In order to be able to use embeddings for search, we need a store that can efficiently perform vector similarity searches. In this notebook we use FAISS, which is an in memory store. For permanently store vectors, one can use pgVector, Pinecone or Chroma.

The langchain VectorStore API's are available [here](https://python.langchain.com/en/harrison-docs-refactor-3-24/reference/modules/vectorstore.html)

To know more about the FAISS vector store please refer to this [document](https://arxiv.org/pdf/1702.08734.pdf).

#### Titan embeddings Model

Embeddings are a way to represent words, phrases or any other discrete items as vectors in a continuous vector space. This allows machine learning models to perform mathematical operations on these representations and capture semantic relationships between them.

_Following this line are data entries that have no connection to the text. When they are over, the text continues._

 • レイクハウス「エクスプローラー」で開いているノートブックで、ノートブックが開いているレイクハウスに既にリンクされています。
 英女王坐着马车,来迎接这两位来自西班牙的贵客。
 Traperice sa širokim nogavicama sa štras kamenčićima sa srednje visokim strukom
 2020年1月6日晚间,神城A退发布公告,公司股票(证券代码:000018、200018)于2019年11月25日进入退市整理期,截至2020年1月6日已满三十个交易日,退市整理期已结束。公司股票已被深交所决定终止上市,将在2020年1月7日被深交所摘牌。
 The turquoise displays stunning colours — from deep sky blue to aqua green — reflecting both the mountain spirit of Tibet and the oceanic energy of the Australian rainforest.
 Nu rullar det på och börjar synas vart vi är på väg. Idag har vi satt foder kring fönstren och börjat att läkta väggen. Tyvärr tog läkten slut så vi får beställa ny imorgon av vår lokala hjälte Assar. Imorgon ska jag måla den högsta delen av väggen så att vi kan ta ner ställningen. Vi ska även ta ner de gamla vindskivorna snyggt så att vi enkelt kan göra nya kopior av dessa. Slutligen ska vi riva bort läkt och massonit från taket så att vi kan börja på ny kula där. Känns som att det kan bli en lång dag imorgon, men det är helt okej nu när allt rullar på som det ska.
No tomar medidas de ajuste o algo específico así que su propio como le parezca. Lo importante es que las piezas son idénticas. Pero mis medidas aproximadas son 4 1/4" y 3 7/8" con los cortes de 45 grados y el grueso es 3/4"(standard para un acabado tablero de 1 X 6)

Embeddings are for example used for the RAG [document search capability](https://labelbox.com/blog/how-vector-similarity-search-works/) 


In [219]:
from langchain.document_loaders import CSVLoader
from langchain.text_splitter import CharacterTextSplitter
from langchain.indexes.vectorstore import VectorStoreIndexWrapper
from langchain.vectorstores import FAISS
from pathlib import Path

#from langchain.embeddings import BedrockEmbeddings #Warning message, this is updated to the the following import.
from langchain_aws import BedrockEmbeddings
from langchain_community.document_loaders import Docx2txtLoader
from langchain.document_loaders import PyPDFLoader, PyPDFDirectoryLoader
from langchain.text_splitter import RecursiveCharacterTextSplitter
from pptx import Presentation
from openpyxl import load_workbook
from langchain.schema import Document

br_embeddings = BedrockEmbeddings(model_id="amazon.titan-embed-text-v1", client=boto3_bedrock)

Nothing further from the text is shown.